A minimal package providing a Python API to decentralized partially observable Markov process (Dec-POMDP) problems in the .dpomdp
file format.
git clone [email protected]:laurimi/pydpomdp.git
pip install pydpomdp
Before starting, download a problem file, for example:
wget https://www.st.ewi.tudelft.nl/mtjspaan/decpomdp/dectiger.dpomdp
The following script shows the functionality of this package.
from pydpomdp import DecPOMDP
d = DecPOMDP("dectiger.dpomdp")
# Basic properties
d.num_agents()
d.num_joint_actions()
d.num_joint_observations()
d.num_states()
d.discount()
# Initial belief state
d.initial_belief_at(state=0)
# Individual agent/state/action/observation properties
d.num_actions(agent=0)
d.num_observations(agent=1)
d.agent_name(agent=1)
d.state_name(state=0)
d.action_name(agent=0, action=1)
d.observation_name(agent=1, observation=1)
# Converting between joint and individual action/observation indices
individual_actions = [0, 1]
ja = d.individual_to_joint_action_indices(individual_actions)
d.joint_to_individual_action_indices(ja) # equals individual_actions
joint_observation = 3
individual_observations = d.joint_to_individual_observation_indices(joint_observation)

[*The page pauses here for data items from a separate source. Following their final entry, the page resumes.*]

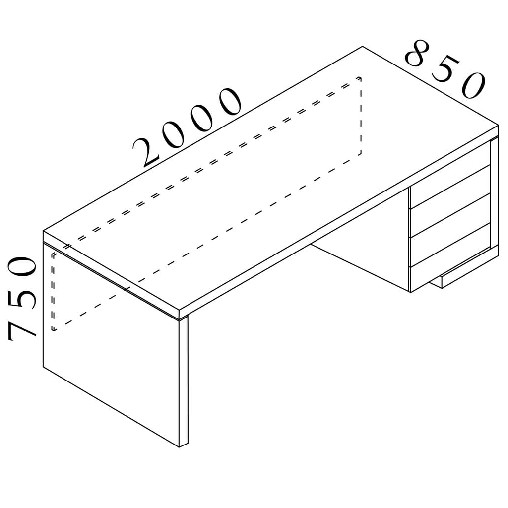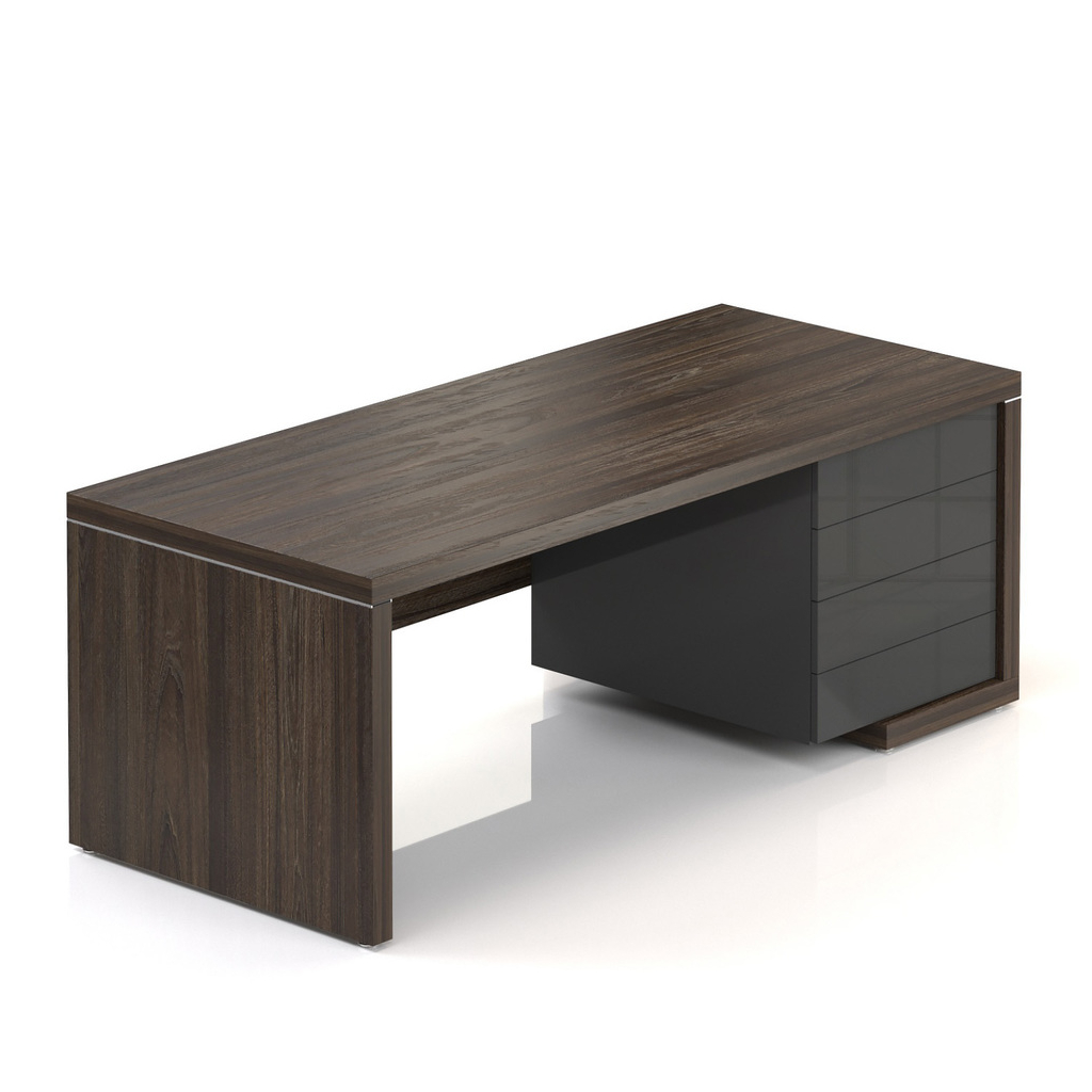 Stôl Lineart 200 x 85 cm + pravý kontajner, brest tmavý / antracit
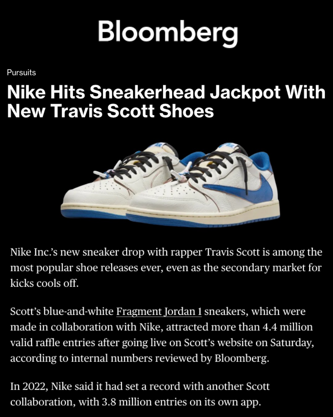 ・2025/11/19 UPDATE:Travis Scott × fragment design × NIKE AIR JORDAN 1 LOW “Sail/Military Blue” が、スニーカー抽選史上最多応募数を記録した。
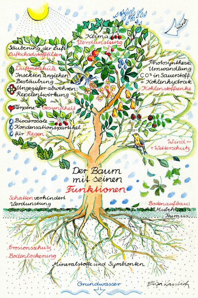 Erfahren Sie hier mehr über den Baum und seine Funktionen im Kontext von Agroforst.
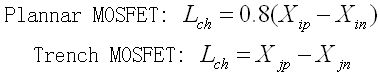可見閾值電壓主要與基區(qū)摻雜濃度(p-)、柵氧化層厚度(Toxg)、耗盡層電荷(Qdep)相關(guān)。式中前兩項因子對Trench MOSFET和Plannar MOSFET而言相同,而第三項則不同,因為耗盡層電荷與溝道長度有關(guān),兩者的溝道長度表達(dá)式為
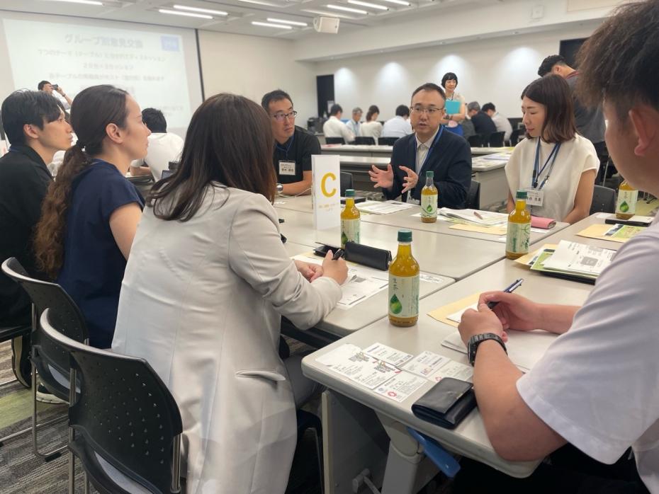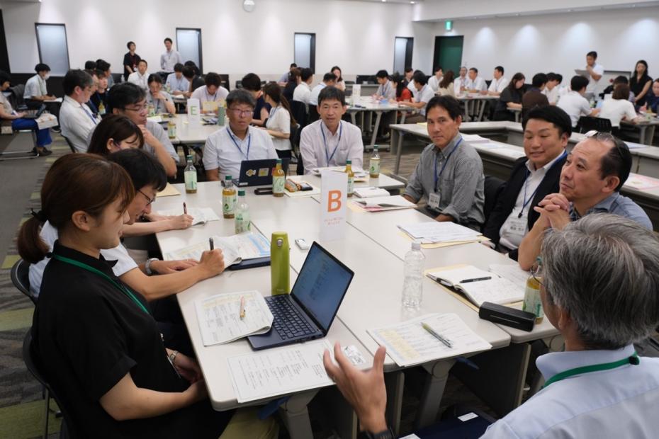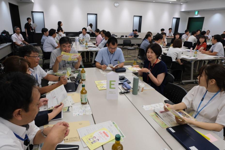 今回は「朝」という時間をテーブルごとに、朝ごはん、運動、地域活動など、さまざまなテーマで設定。せっかく多様な企業の方にお集まりいただいたので枠を飛び越えたセッションが生まれるよう、時間を区切り各テーマに応じた事業の県担当者のテーブルを移動していただきながら進行しました。
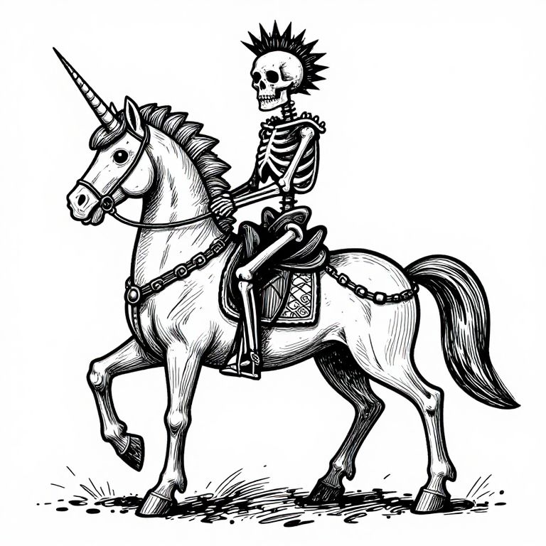 Scribble illustration or drawing in black ink of a skeleton riding a unicorn in style of Punk or alternative subculture iconography,
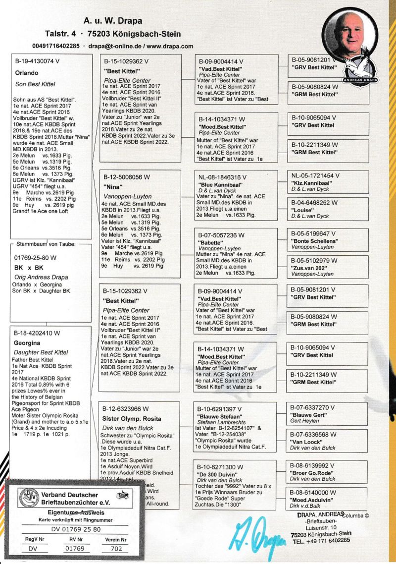 **Uwaga POBICIE NA TEJ AUKCJI WYNOSI 50 ZŁ*** Oryginalny gołąb z hodowli Andreasa Drapy. Szczegóły pochodzenia w rodowodzie. Oferowany gołąb to prawodopodobnie SAMICA. Gołąb znajduje się już w Polsce u kolegi Roberta Grochowskiego. Gołębia można obejrzeć w Urbanowicach woj. opolskie, po wcześniejszym kontakcie telefonicznym.
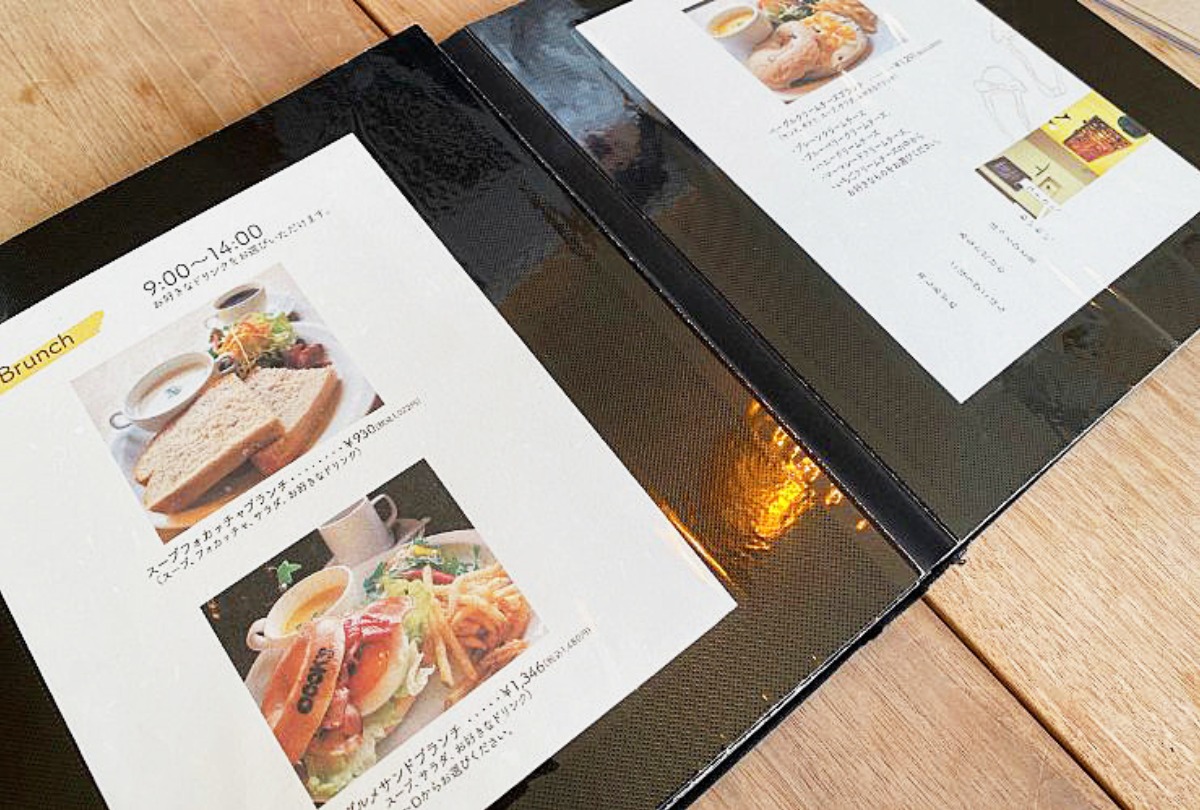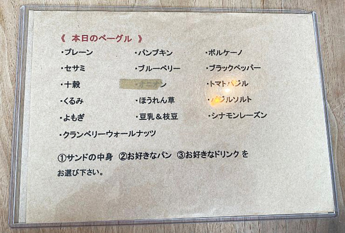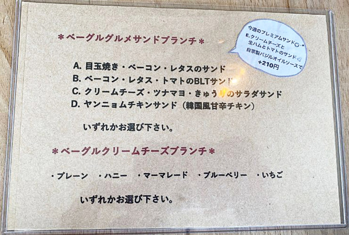 9:00〜14:00までの提供で、スープフォカッチャ、ベーグルグルメサンド、ベーグルクリームチーズの3種類のメニューがあります。
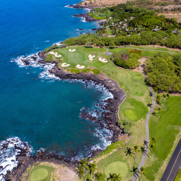 The Mauna Kea Golf Course was the first resort golf course on the island of Hawaii and the first course built on an ancient lava flow. This award-winning championship golf course at the Mauna Kea Beach Hotel, in Kohala Coast, Hawaii, has led the way in golf course beauty and design in Hawaii since its debut in December 1964—just before the hotel officially opened in 1965. In a made-for-television event, the course was debuted by golf’s “Big Three:” Arnold Palmer, Jack Nicklaus, and Gary Player. Since that premiere, the course has welcomed celebrities, professionals, and amateur golfers who recognize it as a “bucket list,” must-play course. Specifically, guests and locals continue to come back to this course just to see the epic over-the-ocean third hole. Golf course architect Robert Trent Jones, Sr. designed the course and developed a new technique that transformed the rocky surface into soil. The course features high-efficiency ultra-dwarf Tifeagle Bermuda Grass on the greens and Tifway 419 hybrid Bermuda Grass on the tees, fairways, and roughs. Rees Jones, son of Robert Trent Jones, Sr., has continued to upgrade the course to ensure it offers challenging, memorable play to all player levels. The course’s 99 bunkers and undulating greens present a challenge for the most seasoned golfers and a memorable day of play for leisurely golfers. Its signature over-the-ocean par-3 Hole 3 is among the most daunting, photographed and awarded par-3 holes in the world. It is a stunning tee shot of 272 yards from the championship box to the green. For something different, Mauna Kea Beach Hotel was the first resort on the Big Island to secure their own fleet of “GolfBoards,” designed to make golfers feel like they are “Surfing the Earth.” |
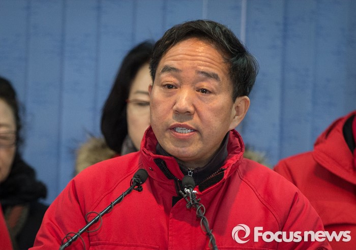 (서울=포커스뉴스) 안대희 전 대법관이 서울 마포(갑) 출마 선언을 한 17일 오전, 서울 여의도구 새누리당 당사에서 강승규 새누리당 마포갑 당협위원장이 안 전 대법관을 지탄하는 기자회견을 하고 있다.
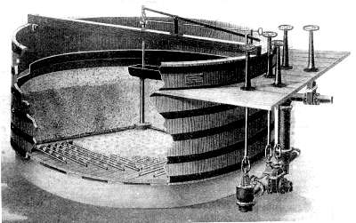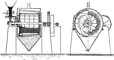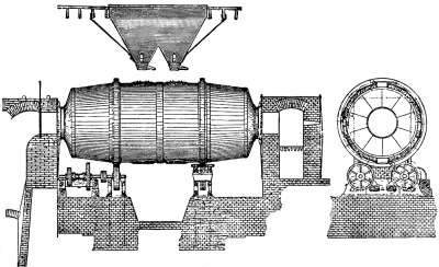Das Verfahren, durch das diese Gewinnung ermöglicht wird, ist das denkbar einfachste. Das Erz wird – wenn es nicht schon ohnehin sandförmig ist – zunächst gemahlen und zwar in sogenannten Kugelmühlen – kurze, sich drehende Trommeln mit Stahlkugelfüllung, [8] worin die Kugeln durch die drehende Bewegung geschüttelt werden und dadurch eine mahlende Wirkung ausüben – oder in sogenannten Rohrmühlen, in denen die mahlenden Kugeln in einem langen Stahlrohre untergebracht sind. Manche Erze müssen vor dem Zermahlen mit Hilfe von Röstöfen unter Luftzutritt erhitzt, „geröstet“ werden (Abb. 1, 2, 3).
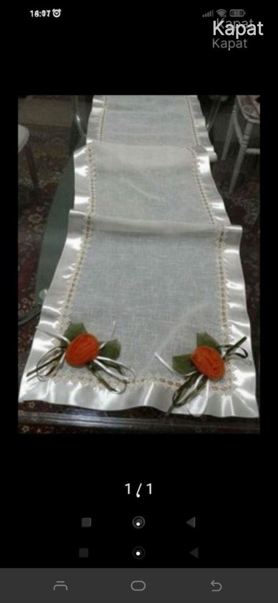 Beyaz masa örtüsü işlemeli detaylar ve parlak kenarlara sahiptir, turuncu çiçek süslemeleriyle tamamlanmıştır. Geleneksel tarzdadır.
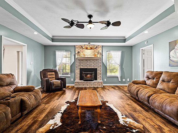 Great news! Seller is now offering $10,000 toward closing costs or a rate buy-down—don’t miss out! Tucked behind a gated entrance in Harmony ISD, this beautifully updated 4-bedroom, 3-bath home sits on 18.32 acres and offers the perfect mix of privacy, comfort, and country charm. You’ll fall in love with the hilltop views, spring-fed pond, and open pasture the moment you arrive. Enjoy morning coffee or quiet evenings under the pergola on the covered back patio, overlooking some of the best scenery East Texas has to offer. Inside, the home features a spacious, master-split layout with a cozy wood-burning fireplace and a warm, welcoming feel. Several rooms include recently installed vinyl plank flooring, while others showcase travertine tile and fresh paint throughout. The kitchen is stylish and functional with granite countertops, stainless appliances, freshly painted cabinetry, and a breakfast bar that flows into the large dining area. Both ensuite bathrooms and the laundry room have upgraded quartz countertops, and the guest bath includes updated cabinetry. The HVAC unit (2022) and water heater (2024) have been replaced to offer added peace of mind. Outside, the 30x30 insulated shop includes two bay doors, a lean-to, concrete floors, and a separate electric meter. There’s also an attached 2-car carport with a storage room, a fenced backyard, and a front pasture (approx. 4.5 acres) already fenced and ready. The RV carport has a 50-amp hookup and water access via Pritchett Water. A private well supplies the shop, sprinkler system, and farm, and the 13-acre ag exemption helps reduce taxes. Whether you're starting a small farm or just want room to breathe, this one has everything you need. Schedule your private showing today and come see what country living is all about!

d.individual_to_joint_observation_indices(individual_observations) # equals joint_observation
# Rewards, state transition and observation probabilities.
# s is current state, s' is new state after taking joint action a,
# z' is joint observation received in new state
state = 0
joint_action = 1
new_state = 1
d.reward(state, joint_action) # immediate reward
d.transition_probability(new_state, state, joint_action) # P(s' | s, a)
joint_observation = 0
d.observation_probability(joint_observation, new_state, joint_action) # P(z' | s', a)
# Sampling new states and observations
import random
state = d.sample_initial_state(random.random())
new_state = d.sample_next_state(state, joint_action, random.random())
d.sample_observation(new_state, joint_action, random.random())
- This package does not provide problem files such as
dectiger.dpomdp
. Many classic Dec-POMDPs from the research literature may be found here. - This package works for "flat" Dec-POMDPs, and support for factored or transition/observation independent Dec-POMDPs is not implemented so far. If you require a parser for these problems, refer to the MADP toolbox.
- Indices for states and (joint) actions and (joint) observations are
int
on the Python side, andunsigned int
in C++ - you may have issues with overflows with very large Dec-POMDPs
This project depends on the parser from the MADP toolbox, which is gratefully acknowledged.